As I said, everything United does will be suspect now

An engaged couple were removed from a United Airlines flight to Costa Rica on Saturday, as the airline remained under scrutiny following outrage caused by a video last week of a passenger being forcibly removed from a flight.

Seriously, everything trivial:

The statement from a United spokeswoman said the airline offered the couple a discounted hotel rate for the night, and rebooked them on a Sunday morning flight.

But Michael Hohl and his fianc, Amber Maxwell, told KHOU they tried to pay for upgraded seating and were denied, after finding another passenger sleeping across their seats when they were the last to board.
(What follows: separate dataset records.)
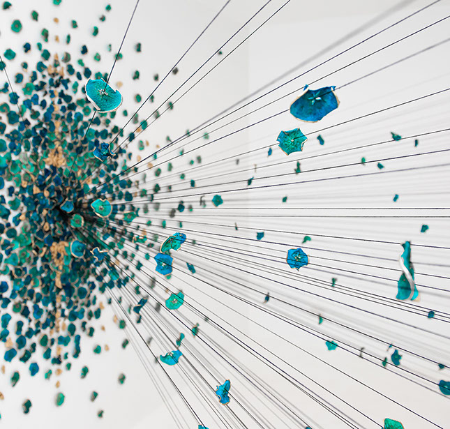BLUEMING II, 2018, Biennale Of Australian Art. Hand processed apple slices, gold leaf, stainless steel knife blades, cotton string, pins. Dimensions: 5m x 4.5m x 2.5m
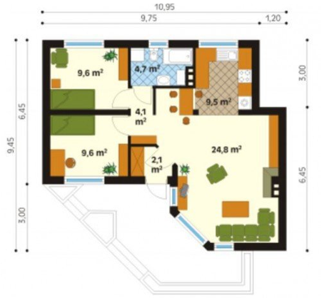 Ngôi nhà này được chia làm ba phân khu chính. Ở gian giữa trung tâm được lắp đặt cửa ra vào tiếp đến là phòng khách có diện tích rộng nhất trong nhà. Phía trong của phòng khách được bố trí một phòng ngủ có phòng vệ sinh khép kín bên trong. Phân khu thứ hai từ cửa nhìn vào phía bên trái được thiết kế với phòng bếp với một trái sảnh phụ cũng có diện tích rộng để cả gia đình ăn uống sinh hoạt ở đây. Góc trong của khu này sắp xếp hai phòng vệ sinh sử dụng chung cho cả gia đình. Và phía ngoài cùng là sân ban rông dài rộng để vui chơi hay cho gia chủ chăm sóc cây cảnh rất tự nhiên trong lành. Phân khu còn lại phía bên phải của ngôi nhà trước tiên là một phòng thờ của gia đình, phía trong cùng thêm một phòng ngủ. Có thể nói với diện tích khá khiêm tốn nhưng nhờ sự thiết kế thông minh khéo léo đã giúp cho ngôi nhà cấp 4 9x11 được sử dụng tối đa công năng với đầy đủ các phòng, tiện nghi cần thiết cho các thành viên trong gia đình thoải mái sinh hoạt và sử dụng
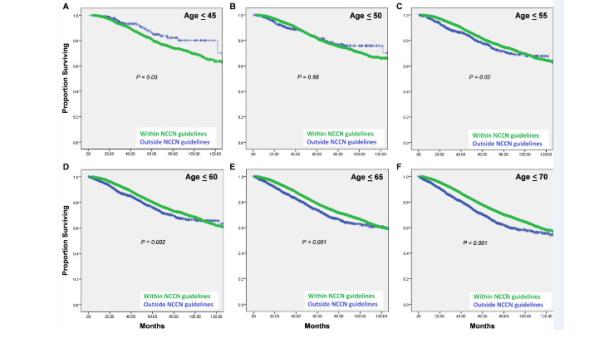 图2 50岁以上和50岁以下的II-III期直肠癌患者中,接受NCCN指南方案和未接受NCCN指南方案的中位生存时间 如图2所示,在II-III期、50-75岁的患者的预后中,NCCN指南中建议方案明显优于其他方案。 不过,对于小于50岁的患者,尽管分期及分化程度要差于老年患者,但NCCN指南建议方案并没有明显优于其他“简化”方案(无辅助放疗、新辅助化疗或放化疗)! 小于45岁患者中,NCCN指南获益劣于其他方案
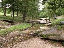 Previously, the county seat was located at Arno, west of Ava. Prior to that, Vera Cruz (formerly called Red Bud) was the county seat. Vera Cruz is located on Bryant Creek, which flows through the middle of the county. The Civil War Battle of Clark's Mill took place near Vera Cruz on November 7, 1862 and resulted in a Confederate victory.[5] After the American Civil War, during a period of general chaos, a group from the western part of the county broke into the Arno courthouse and removed the records back to Vera Cruz. Later in 1871, a new town site was selected, present-day Ava, near the location of the former U.S. Civil War military Post Office, Militia Spring. The location of this new town seemed to satisfy most of the residents of Douglas County to be their point of county government.
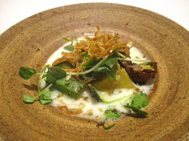 ◎ サスエ:静岡県焼津に在る 日本一美味しく魚を仕立てると多くの料理人たちから評価の高いサスエ 前田から仕入れた金目鯛が 鱗を付けた状態で 脂ののりがよくフンワリと仕上げられています。上には超薄切り神戸牛の生ハム、下には冬瓜のすり流しが敷かれ、キノコとムカゴが添えられており、深いグリーンが美しいシブレットのソースでいただきます。
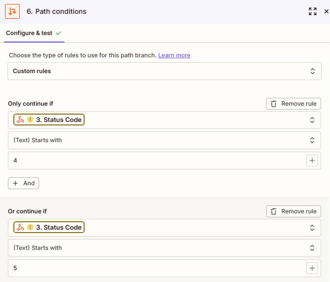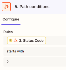 The retry path occurs when Front responds with a status code in the 400 or 500 range. In the error path case, Zapier waits 1 minute and then retries the API request to Front. The following screenshot shows the Path conditions for the error path.
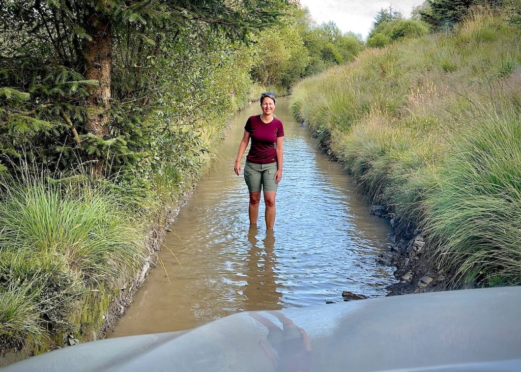 Nach etwa 1,5 Kilometern stehen bereits die ersten Wasserdurchfahrten durch braunes, schlammiges, stehendes Gewässer an. Alles überhaupt kein Problem für unser Fahrzeug. Die riesigen Pfützen sind meistens nicht tiefer als 40-50 Zentimeter. Und wir haben großen Spaß beim Durchfahren. Doch dann folgt ein Gewässer, dessen Ausmaße wir aus dem Fahrzeug nicht mehr abschätzen können, auch weil es in einer Kurve liegt, die wir nicht einsehen können. Zum Glück trage ich eine kurze Hose und Crocs und wate das braune Nass zunächst zu Fuß ab, um dann Entwarnung geben zu können. Kein Problem für Samu!
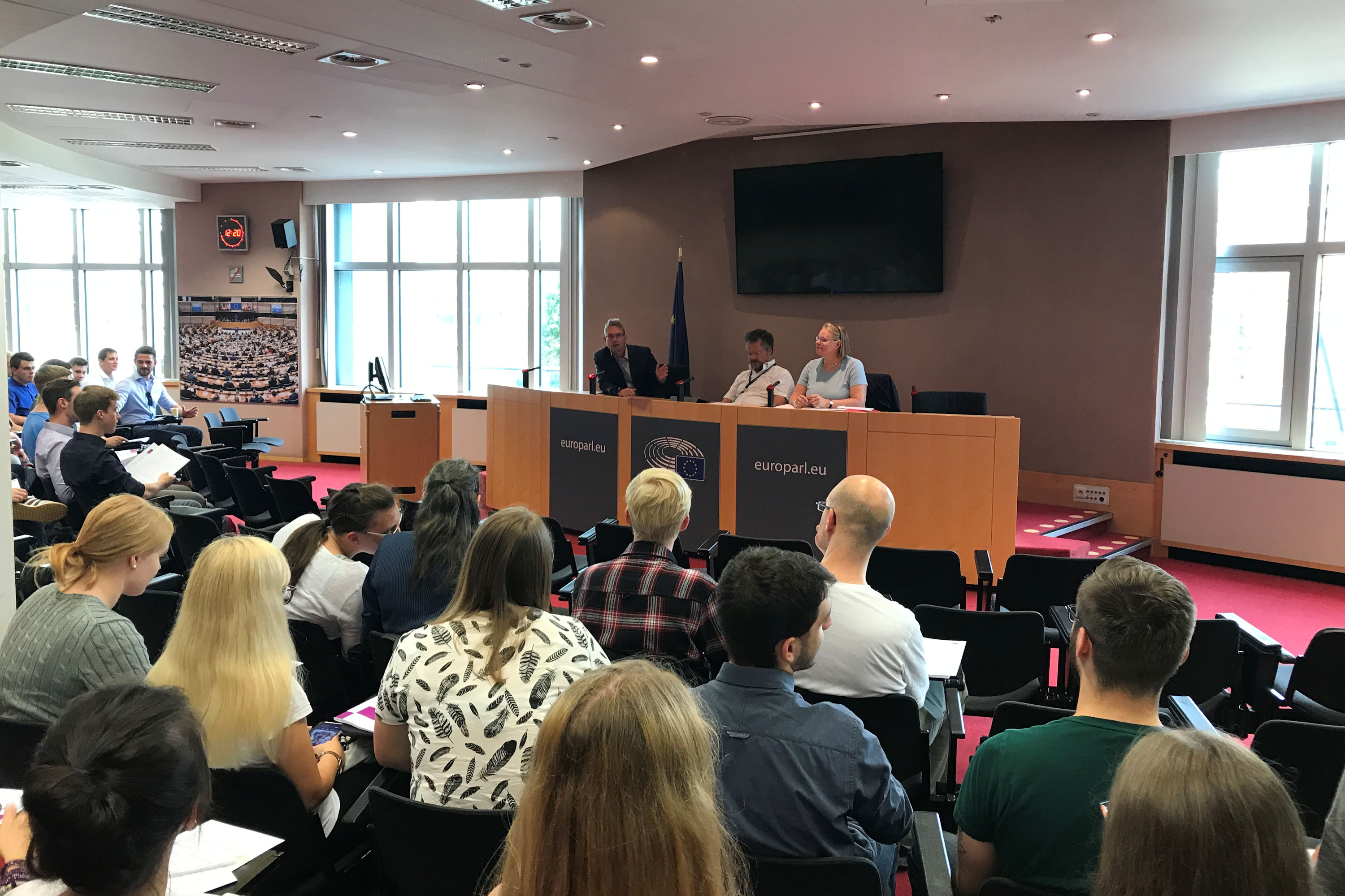 Die Studierenden informierten sich zum einen über die Funktionen des Parlaments, wie die Gesetzgebungs-, Budget- und Kontrollfunktion, zum anderen auch über die konkrete Arbeit der zwanzig ständigen Ausschüsse und der beiden Unterausschüsse, deren Arbeit vorbereitend in die Plenarsitzungen einfließen. Wie genau ein solcher Ausschuss arbeitet, erfuhren sie im Vortrag zweier Vertreter des Ausschusses für Wirtschaft und Währung (ECON), am Beispiel wie Beschlüsse und Empfehlungen der EU-Organe und internationaler Organisationen in konkrete Rechtsvorschriften umgewandelt werden. Eine wichtige Erkenntnis für alle: Die Ausschussmitglieder beziehungsweise die Abgeordneten des Parlaments stehen in ihrer politischen Arbeit permanent in einem Spannungsfeld zwischen ihren Wählern, denen sie ihren persönlichen Einsatz versprochen haben, der eigenen Partei, deren politischen Ziele sie sich verpflichtet fühlen, und den zahlreichen Interessenvertretern, die oftmals Entscheidungen zum Wohl der heimischen Wirtschaft einfordern. In der sich anschließenden Diskussion standen aktuelle Themen, wie der Europäische Einlagensicherungsfonds (EDIS) und die Auswirkungen eines harten Brexits auf die Finanzmärkte, im Vordergrund.
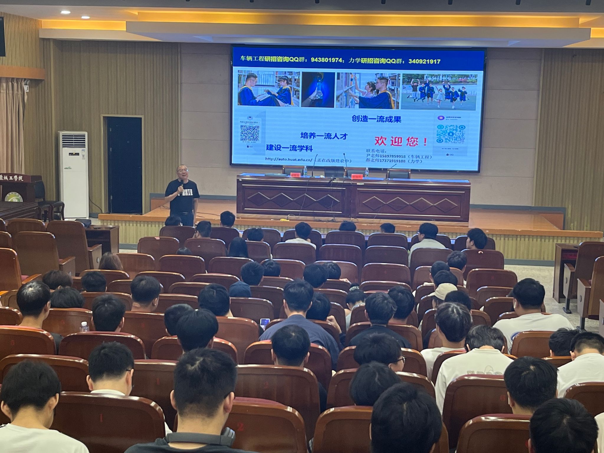 韩同群结合自身学习经历介绍了汽车工程学院车辆工程专业、力学专业硕士招生及就业情况。最后,老师们与参会学生进行了答疑互动,解答了研究生招生政策等相关问题。
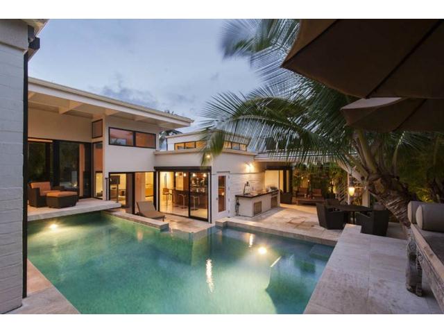 This chic Diamond Head head home was just listed for sale.  The home has four bedrooms and 3 bathrooms in 3228 square feet of interior space.  Built in 2010 it has modern architectural style.  Private and serene the home has generous outdoor spaces.  The home spills out to the lanais and to the heated salt water pool.  The contemporary design with the high ceilings create a peaceful place.  Clean lines with a light effortless palette make this a special home.  The kitchen is open, welcoming and has beautiful wood cabinetry and top of the line stainless steel appliances.  Tile flooring throughout most of the home keeps the temperature cool and comfortable.  This unique Diamond Head home for sale has a list price of $3,388,000.
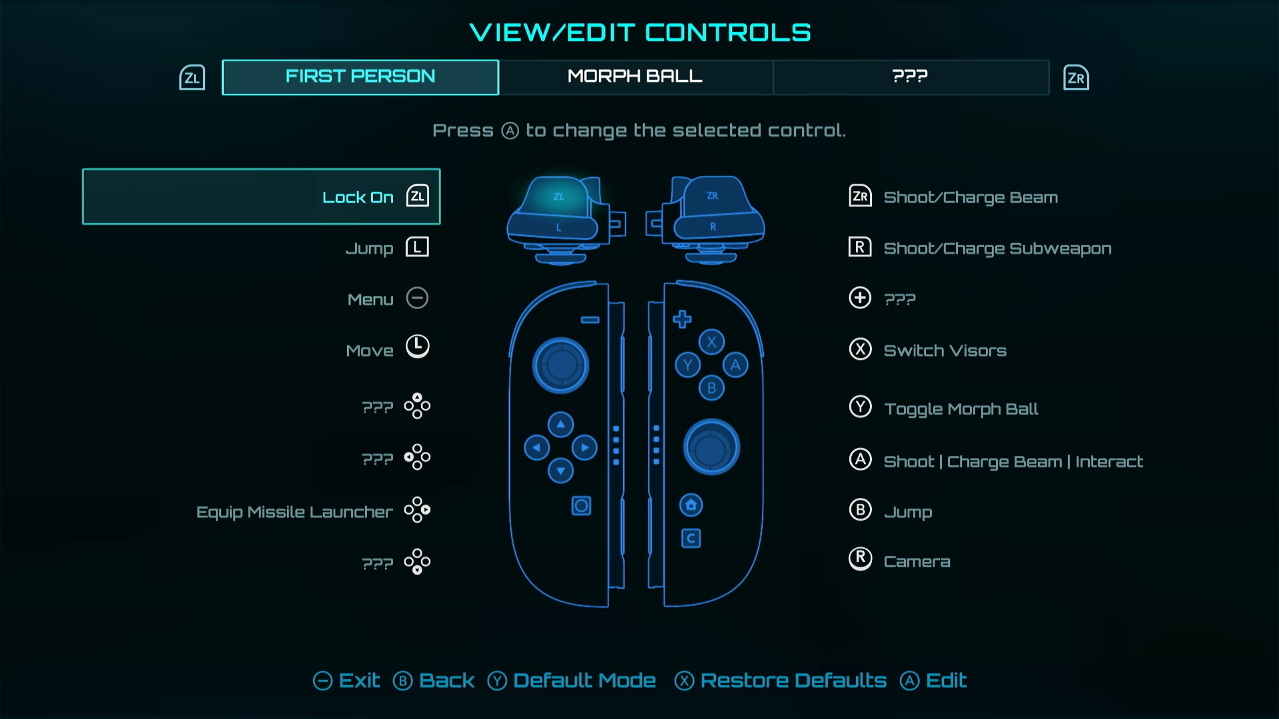 | Shoot/Charge Beam | ZR | Tap/Hold | Dual Stick First Person |

After moving within the economy cabin a few rows up, flight crew denied their request to pay a supplement for the seats, which United sells as “economy plus”, and told them to move back to their original seats, Hohl said.

“We thought not a big deal, it’s not like we are trying to jump up into a first-class seat,” Hohl told KHOU. “We were simply in an economy row a few rows above our economy seat.”

10 comments on “As I said, everything United does will be suspect now

  1. Why didn’t they or the crew simply wake the sleeping passenger up? It’s not as if said passenger was going to be allowed to lay across multiple seats come take off.

  2. Dunno, Clarissa. Was he airline staff? Was he diverse? Was he too big and nasty-looking to disturb? Was he an air marshall? (Do they still have those?)

  3. Yeah this makes zero sense. Why would they be removed from the flight rather than just waking up the sleeper and telling him to shift his arse. Or even if for some reason or another they couldn’t do that there were these empty economy plus seats that it would be sensible to put them in rather than bumping them from a obviously not fully booked flight.

    Something is missing.

  4. According to United, “these passengers repeatedly attempted to sit in upgraded seating which they did not purchase and they would not follow crew instructions to return to their assigned seats”. According to the bloke, that’s not so.

  5. Presumably their error was in moving seats prior to take-off. If they had simply waited until the plane was in the air, they could have hopped up to Premium Economy and no ground cops would have been involved.

    Otoh, if I were a paying Premium Economy passenger, I’d be peeved to find that I had to pay extra whereas others were getting upgraded for free.

  6. I don’t know what size of plane it was but I know that on the smaller ones, they get very peeved if you move before take-off, even into another seat in exactly the same class, because of the balance calculations (although they don’t weigh you, so it can’t be that important – and if you check in online, they have no idea at all whether you are Svelte Simone or Billy the Bloater!)

    Also, I’ve never tried to pay for an upgrade after check-in, but I don’t suppose that the cabin crew have the means to price or take payment for upgrades. It’s usually hard enough paying them for stuff they are trying to sell to you.

  7. Plenty of airlines will sell you an upgrade (if available) after boarding. Since cabin crew are probably on commission, they’ll be delighted to assist – you’d need to sell a lot of sandwiches to earn as much as a seat upgrade.

  8. “. . . because of the balance calculations (although they don’t weigh you, so it can’t be that important – and if you check in online, they have no idea at all whether you are Svelte Simone or Billy the Bloater!)”

    This is a pretty good indication that the ‘balance calculations’ don’t actually happen at all.

    Worst the pilot does is fiddle with the trim tabs.

  9. No idea about balancing calcs for small modern aircraft, but when seating passengers in a DC3, you load them from the back row then forwards. If you do this the other way round, you can put too much weight ahead of the main landing gear under the wings (a DC3 being an old design has a tail wheel rather than a nose wheel), and tip the aircraft on it’s nose.
    Once airborne, it probably doesn’t matter a great deal where passengers sit.

    Iirc for the same reason, cargo breaking loose and sliding forward (thus shoving the nose into the ground) during rough landings has resulted in some accounted for a number of crashes of Dc3s and similar era aircraft.